▶ [TASK TO COMPLETE] A stretch of the entries below is to be set down exactly, running from the line with "通过图扑智慧水利水电工程案例" through the line with "Керамическая железная бочка", both included, and no other line.

--- INPUT FOR THIS TASK Enclosed Below ---

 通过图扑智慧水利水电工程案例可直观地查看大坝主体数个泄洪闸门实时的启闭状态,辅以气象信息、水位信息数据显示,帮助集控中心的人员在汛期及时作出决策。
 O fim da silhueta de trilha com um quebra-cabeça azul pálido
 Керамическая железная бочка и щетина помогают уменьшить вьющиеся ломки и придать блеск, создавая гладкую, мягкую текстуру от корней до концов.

--- End of Enclosed INPUT FOR THIS TASK ---
--- INPUT FOR THIS TASK Enclosed Below ---

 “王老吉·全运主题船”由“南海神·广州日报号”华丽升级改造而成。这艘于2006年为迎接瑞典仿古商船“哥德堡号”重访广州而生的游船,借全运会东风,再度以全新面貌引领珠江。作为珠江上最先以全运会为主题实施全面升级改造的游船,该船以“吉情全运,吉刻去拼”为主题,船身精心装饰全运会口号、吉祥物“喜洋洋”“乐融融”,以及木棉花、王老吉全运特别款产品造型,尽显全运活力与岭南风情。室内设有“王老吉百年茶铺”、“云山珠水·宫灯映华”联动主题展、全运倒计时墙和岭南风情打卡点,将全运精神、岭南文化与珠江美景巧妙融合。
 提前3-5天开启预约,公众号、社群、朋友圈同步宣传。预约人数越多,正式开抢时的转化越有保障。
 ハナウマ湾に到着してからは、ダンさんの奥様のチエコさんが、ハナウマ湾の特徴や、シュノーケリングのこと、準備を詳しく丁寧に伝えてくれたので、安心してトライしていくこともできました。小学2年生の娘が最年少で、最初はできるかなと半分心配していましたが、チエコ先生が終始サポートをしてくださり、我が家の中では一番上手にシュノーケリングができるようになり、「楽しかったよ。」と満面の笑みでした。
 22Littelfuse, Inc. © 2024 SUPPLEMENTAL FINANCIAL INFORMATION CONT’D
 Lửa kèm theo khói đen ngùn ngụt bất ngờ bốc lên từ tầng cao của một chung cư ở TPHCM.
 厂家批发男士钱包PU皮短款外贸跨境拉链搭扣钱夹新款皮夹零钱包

--- End of Enclosed INPUT FOR THIS TASK ---

▶ [EXERCISE OUTPUT]
 通过图扑智慧水利水电工程案例可直观地查看大坝主体数个泄洪闸门实时的启闭状态,辅以气象信息、水位信息数据显示,帮助集控中心的人员在汛期及时作出决策。
 O fim da silhueta de trilha com um quebra-cabeça azul pálido
 Керамическая железная бочка и щетина помогают уменьшить вьющиеся ломки и придать блеск, создавая гладкую, мягкую текстуру от корней до концов.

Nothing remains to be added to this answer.